The second step is to
acknowledge that dissidents and exiles have their own agenda -- regime change -- and that before being accepted as truth any "evidence" they might supply concerning Iran's nuclear program must be tested and confirmed by other sources. And those other sources should not be, as they often were in the case of Iraq, simply other exiles, or the same information being recycled among intelligence agencies.
(emphasis added). Now this presents better evidence that Kay is also delivering an indictment of the Iraq policy.

The third step is acknowledge the limitations of IAEA (Internation Atomic Energy Agency from the U.N.) inspections, but at the same time appreciate what the IAEA has uncovered and use that information to design inspections that can uncover any other weapons-related activities. Gee--what a concept. You mean weapons inspections can actually produce results so that war is not necessary?

The fourth step gets back to the indictment of the Iraq policy:
Fourth, understand that overheated rhetoric from policymakers and senior administration officials, unsupported by evidence that can stand international scrutiny, undermines the ability of the United State to halt Iran's nuclear activities. Having gone to the Security Council on the basis of flawed evidence to "prove" Iraq's WMD activities, it only invites derision to cite unsubstantiated exile reports to "prove" that Iran is developing nuclear weapons.
Regardless of Kay's intention, this describes just what Bush did in regard to Iraq.

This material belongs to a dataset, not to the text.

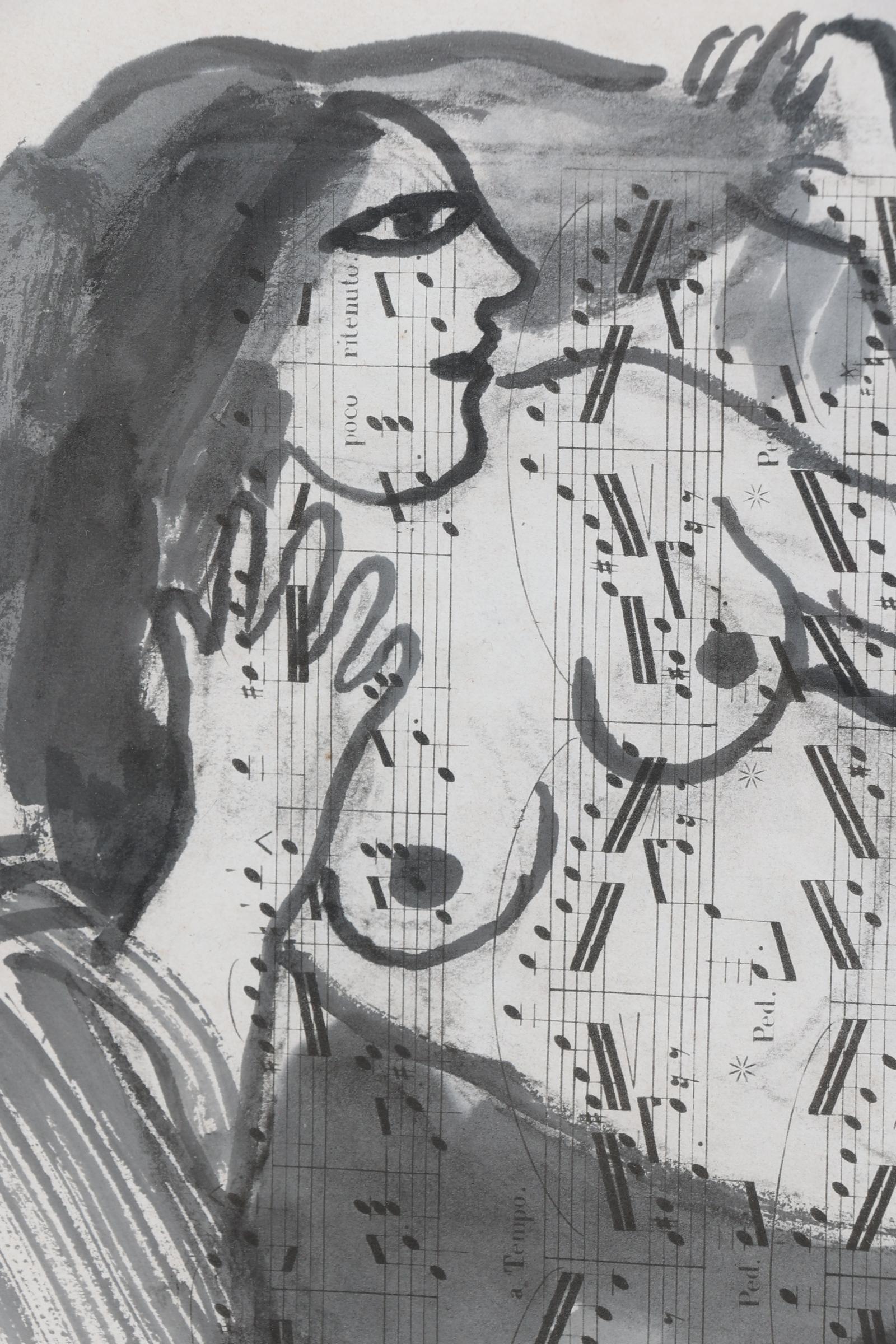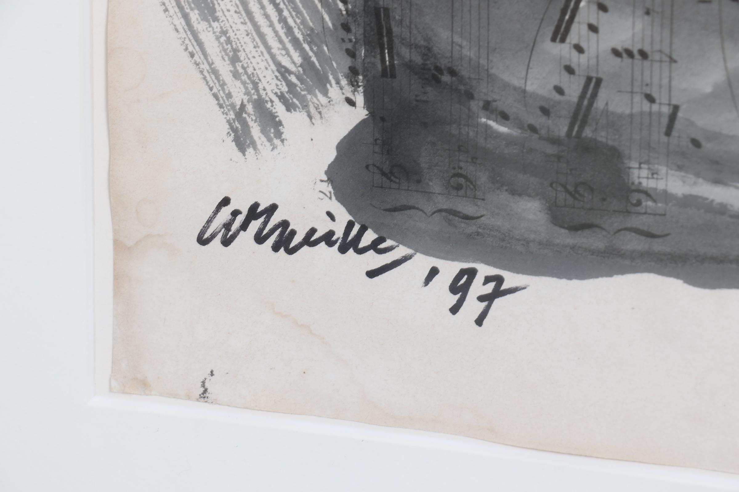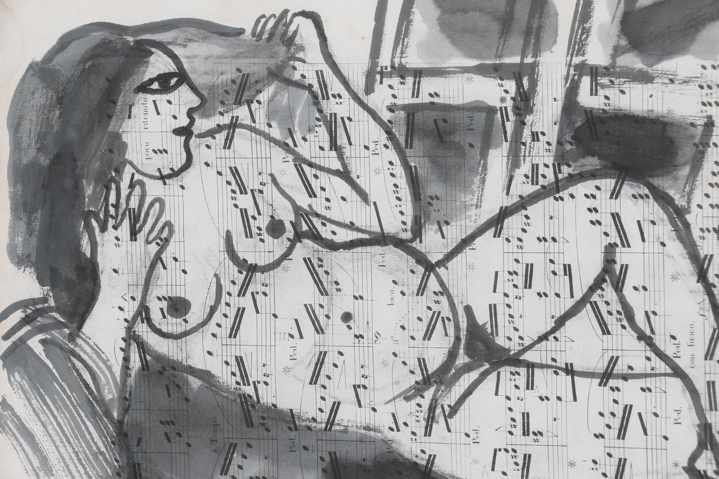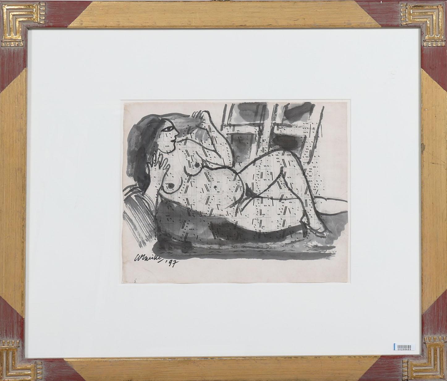 'Corneille', alias van Cornelis Guillaume van Beverloo (1922- 2010), Liggend Naakt (1997), gemengde techniek op oude partituren, gesigneerd en gedateerd 'Corneille, '97', 33,5 x 27 cm. of 67 x 57 cm. Provenance: collectie kunsthandel Elisabeth den Bieman de Haas, rechtsreeks verworven bij de kunstenaar in Parijs. Tentoonstellingen: Maison des Arts, Tunis, Le Belvédère, 10-30 oktober 1998; Szépmúvészeti Museum of Fine Arts, Budapest, mei - september 2002; Museum Jan van der Togt Amstelveen 2015/ 2016

And the description of the fifth step does the same thing:
Fifth, a National Intelligence Estimate as to Iran's nuclear activities should not be a rushed and cooked document used to justify the threat of military action. Now is the time for serious analysis that genuinely tries to pull together all the evidence and analytical skills of the vast U.S. intelligence community to reach the best possible judgment on the status of that program and the gaps in our knowledge. That assessment should not be led by a team that is trying to prove a case for its boss. Now is the time to reach outside the secret brotherhood and pull in respected outsiders to lead the assessment.
(emphasis added). Be careful, Dr. Kay. Bush, Rumskull, Wolfowitz, and Condi are going to tell everyone that you are a back-stabbing freedon-hater like Paul O'Neill and Richard Clarke.